Following its 2021 Dark Patterns enforcement policy, the FTC recently issued a staff report on the practice. The report summarized many of the cases the agency has brought against companies it alleges have engaged in “dark patterns” designed to “get consumers to part with their money or data.” These include using design elements that induce false beliefs, that delay important and material information, that lead to unauthorized charges, or that subvert or confuse privacy choices.

In this new report, the FTC provides businesses with strongly-worded instructions about how to avoid collect personal information from consumers in a way that might be viewed as a dark pattern. These include:

  • Not setting system defaults to collect more information than a consumer would expect, or to use information in a way that consumers would not expect.
  • Making it easy for consumers to chose how their information gets used. Specifically, the FTC cautions against having multiple screens through which a consumer needs to navigate to exercise choice, or having ambiguously or confusingly worded toggle buttons.
  • The FTC also urges companies to look at the user interfaces they create from the perspective of the consumer.
  • Finally, the FTC provides specific direction about collecting and using sensitive information. Companies should make choices about how this information is going to be used clear and understandable, and give people the tools and information they need to exercise their choices. If sensitive information is sold, companies should vet the purchasers, how the purchasers will use the information, and importantly, monitor buyers’ use of the sold information.

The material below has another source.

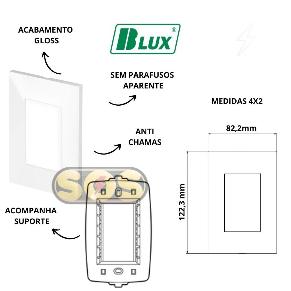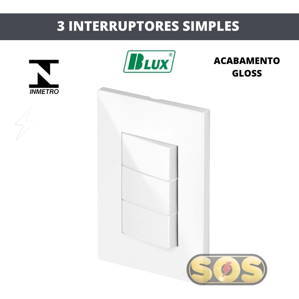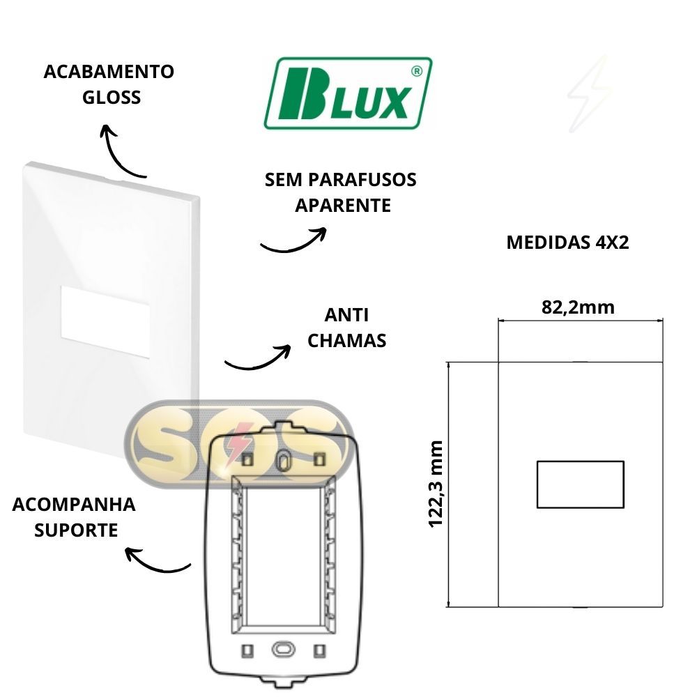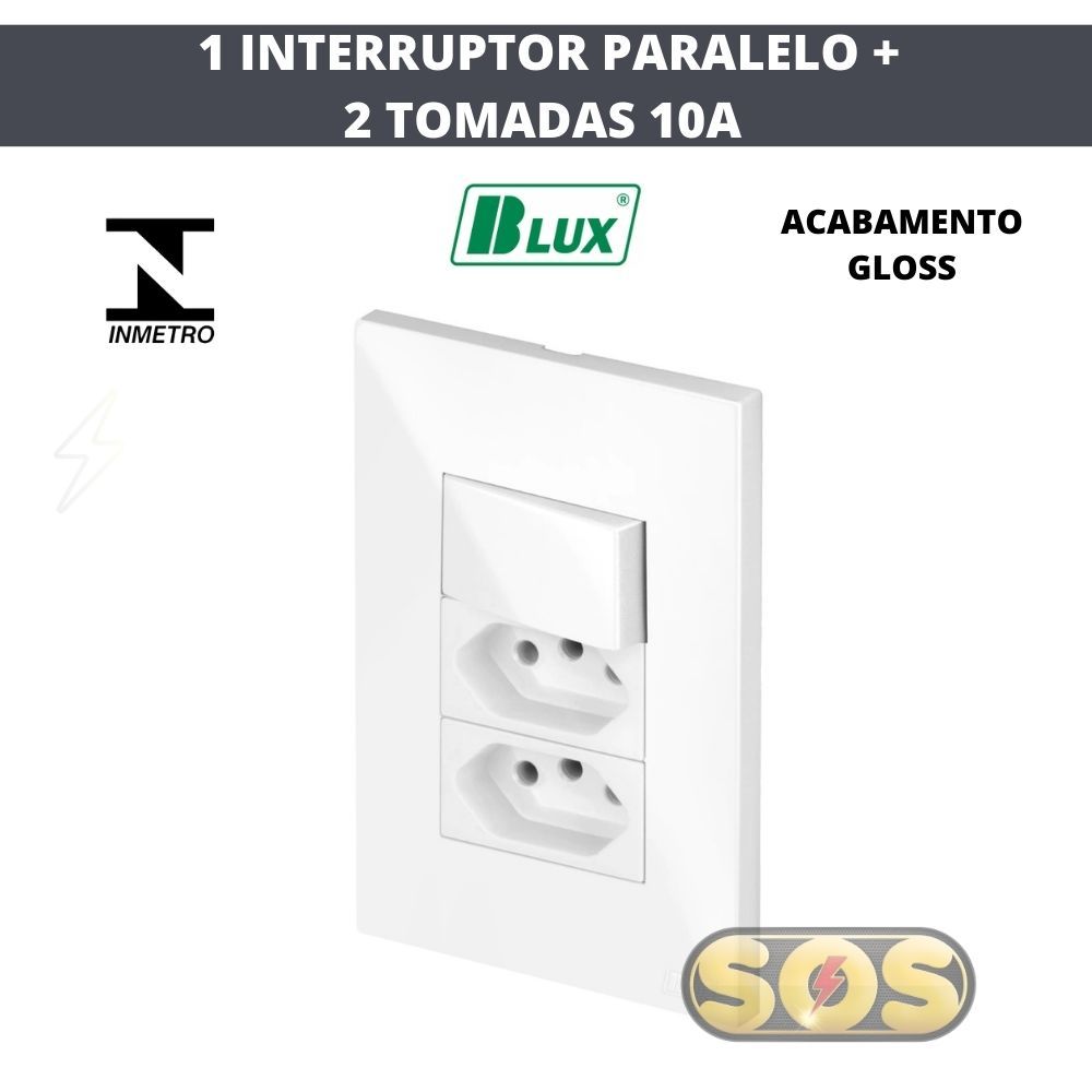 CONJUNTOS TOMADAS 10A, 20A, INTERRUPTORES , RJ45, RJ11, PLACA CEGA 4X2 4X4 RECTA GLOSS BRANCA BLUX

Putting It Into Practice: This report follows on the heels of the FTC’s proposed privacy rulemaking and signals its ongoing concern that notice and choice presented to consumers be clear and understandable. Much of the advice in the report is familiar and indicate the FTC’s expectations of companies. Of note are (1) the direction to review user interfaces and (2) to monitor use of information (especially sensitive information) after it has been sold to third parties.